About this exercise –
Reprint every entry, character for character.

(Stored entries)
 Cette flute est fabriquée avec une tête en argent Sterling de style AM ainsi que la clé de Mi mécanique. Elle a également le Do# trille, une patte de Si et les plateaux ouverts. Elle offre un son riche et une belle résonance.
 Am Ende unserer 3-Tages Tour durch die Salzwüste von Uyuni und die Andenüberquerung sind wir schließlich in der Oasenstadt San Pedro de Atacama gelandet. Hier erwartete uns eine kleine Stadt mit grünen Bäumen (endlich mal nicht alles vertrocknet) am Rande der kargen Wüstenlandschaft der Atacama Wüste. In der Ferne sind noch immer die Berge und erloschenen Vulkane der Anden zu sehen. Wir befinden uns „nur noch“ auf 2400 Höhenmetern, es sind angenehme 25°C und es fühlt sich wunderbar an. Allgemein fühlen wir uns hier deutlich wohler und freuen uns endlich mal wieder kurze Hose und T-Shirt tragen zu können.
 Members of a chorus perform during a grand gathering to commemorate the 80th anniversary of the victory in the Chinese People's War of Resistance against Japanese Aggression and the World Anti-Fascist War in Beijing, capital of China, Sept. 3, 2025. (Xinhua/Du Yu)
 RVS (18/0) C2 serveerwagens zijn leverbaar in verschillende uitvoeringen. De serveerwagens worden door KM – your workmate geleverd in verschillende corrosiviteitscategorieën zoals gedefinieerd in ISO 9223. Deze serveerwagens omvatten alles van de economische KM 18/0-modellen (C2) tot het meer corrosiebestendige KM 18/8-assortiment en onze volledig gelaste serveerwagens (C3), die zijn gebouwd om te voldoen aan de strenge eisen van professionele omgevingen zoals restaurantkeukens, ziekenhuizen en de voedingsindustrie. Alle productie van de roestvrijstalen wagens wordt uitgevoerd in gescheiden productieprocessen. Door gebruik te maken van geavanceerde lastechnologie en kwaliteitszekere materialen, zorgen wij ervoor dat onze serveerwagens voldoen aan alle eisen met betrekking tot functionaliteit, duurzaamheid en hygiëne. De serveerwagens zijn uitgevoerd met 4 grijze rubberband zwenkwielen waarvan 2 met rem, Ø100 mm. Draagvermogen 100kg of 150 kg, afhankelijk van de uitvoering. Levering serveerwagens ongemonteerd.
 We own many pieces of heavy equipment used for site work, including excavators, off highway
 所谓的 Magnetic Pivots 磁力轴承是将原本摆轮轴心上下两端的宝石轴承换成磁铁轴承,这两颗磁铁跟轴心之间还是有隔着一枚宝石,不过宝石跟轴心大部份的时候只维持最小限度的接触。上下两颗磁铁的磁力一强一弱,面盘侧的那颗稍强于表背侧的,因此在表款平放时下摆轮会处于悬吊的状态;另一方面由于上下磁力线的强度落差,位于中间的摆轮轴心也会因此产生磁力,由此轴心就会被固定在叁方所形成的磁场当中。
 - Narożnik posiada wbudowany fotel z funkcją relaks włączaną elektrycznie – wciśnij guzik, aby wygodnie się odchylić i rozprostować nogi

Answer section –
 Cette flute est fabriquée avec une tête en argent Sterling de style AM ainsi que la clé de Mi mécanique. Elle a également le Do# trille, une patte de Si et les plateaux ouverts. Elle offre un son riche et une belle résonance.
 Am Ende unserer 3-Tages Tour durch die Salzwüste von Uyuni und die Andenüberquerung sind wir schließlich in der Oasenstadt San Pedro de Atacama gelandet. Hier erwartete uns eine kleine Stadt mit grünen Bäumen (endlich mal nicht alles vertrocknet) am Rande der kargen Wüstenlandschaft der Atacama Wüste. In der Ferne sind noch immer die Berge und erloschenen Vulkane der Anden zu sehen. Wir befinden uns „nur noch“ auf 2400 Höhenmetern, es sind angenehme 25°C und es fühlt sich wunderbar an. Allgemein fühlen wir uns hier deutlich wohler und freuen uns endlich mal wieder kurze Hose und T-Shirt tragen zu können.
 Members of a chorus perform during a grand gathering to commemorate the 80th anniversary of the victory in the Chinese People's War of Resistance against Japanese Aggression and the World Anti-Fascist War in Beijing, capital of China, Sept. 3, 2025. (Xinhua/Du Yu)
 RVS (18/0) C2 serveerwagens zijn leverbaar in verschillende uitvoeringen. De serveerwagens worden door KM – your workmate geleverd in verschillende corrosiviteitscategorieën zoals gedefinieerd in ISO 9223. Deze serveerwagens omvatten alles van de economische KM 18/0-modellen (C2) tot het meer corrosiebestendige KM 18/8-assortiment en onze volledig gelaste serveerwagens (C3), die zijn gebouwd om te voldoen aan de strenge eisen van professionele omgevingen zoals restaurantkeukens, ziekenhuizen en de voedingsindustrie. Alle productie van de roestvrijstalen wagens wordt uitgevoerd in gescheiden productieprocessen. Door gebruik te maken van geavanceerde lastechnologie en kwaliteitszekere materialen, zorgen wij ervoor dat onze serveerwagens voldoen aan alle eisen met betrekking tot functionaliteit, duurzaamheid en hygiëne. De serveerwagens zijn uitgevoerd met 4 grijze rubberband zwenkwielen waarvan 2 met rem, Ø100 mm. Draagvermogen 100kg of 150 kg, afhankelijk van de uitvoering. Levering serveerwagens ongemonteerd.
 We own many pieces of heavy equipment used for site work, including excavators, off highway
 所谓的 Magnetic Pivots 磁力轴承是将原本摆轮轴心上下两端的宝石轴承换成磁铁轴承,这两颗磁铁跟轴心之间还是有隔着一枚宝石,不过宝石跟轴心大部份的时候只维持最小限度的接触。上下两颗磁铁的磁力一强一弱,面盘侧的那颗稍强于表背侧的,因此在表款平放时下摆轮会处于悬吊的状态;另一方面由于上下磁力线的强度落差,位于中间的摆轮轴心也会因此产生磁力,由此轴心就会被固定在叁方所形成的磁场当中。
 - Narożnik posiada wbudowany fotel z funkcją relaks włączaną elektrycznie – wciśnij guzik, aby wygodnie się odchylić i rozprostować nogi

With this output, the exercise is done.